Location, New York City, New York
Full Length: Pandemonium
Label: Rotten Bastards Records
Release date: October 10, 2021
Something I've noticed about punk is how much more politically aware it is becoming since the Bush and Trump administrations. I mean, it has always been politically aware, but it is even more so now, especially with social media providing more platforms for bands and singers to state their views about everything in the news these days. For one example, check out Jello Biafra's Youtube podcast “What Would Jello Do?” at the official Alternative Tentacles records Youtube. If by chance you're looking for another example, listen to the latest from NYC's own Sewage, showing the band heading in more of a socially conscious direction.
By now, it's practically unnecessary to point out how gentrification has taken place in New York over the years, especially since clubs and record stores are still being forced to call it a day. On top of that, cancel culture media spin was recently launched against a free concert The Shadow (an independent newspaper based in the city) organized in Tompkins Square Park on April 24 of last year. By the way, the allegations made about it turned out to be false, and shows in the park are still happening.

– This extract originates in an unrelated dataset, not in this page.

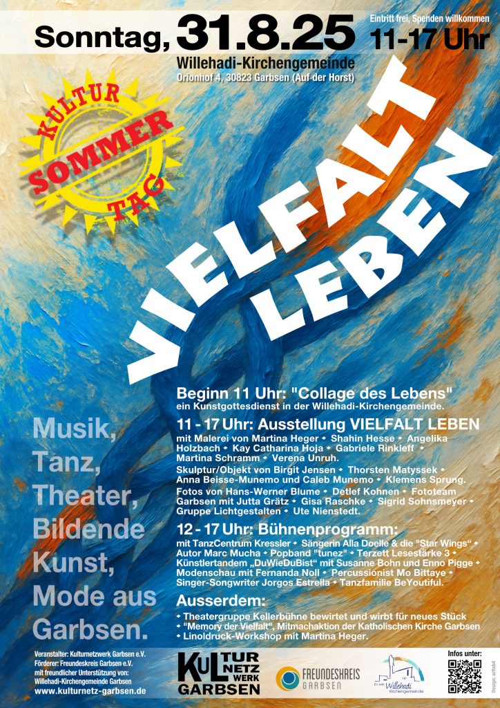“Wir wollen an diesem Tag zeigen, wie facettenreich die Kulturszene in Garbsen ist”, so die Veranstalter. “Und Menschen zusammenbringen und sie mit Kunst, Musik und Theater inspirieren. Wir freuen uns sehr, dass die Willehadi-Gemeinde die Veranstaltung als Kooperationspartner unterstützt, besonders im Jahr des 60-jährigen Bestehens des Stadtteils Auf der Horst.”

True, the world is changing. Aesthetics that were considered strange yesterday is now considered acceptable (mall punk and mall goth notwithstanding) and much of what Generation X started has become part of pop culture. This partly owes to television shows like “Stranger Things”, documentaries like “The Allins” and movies like “Fighting With my Family”. In the modern information age this presents possibilities of public shaming, but this still doesn’t seem to be slowing punk as a whole.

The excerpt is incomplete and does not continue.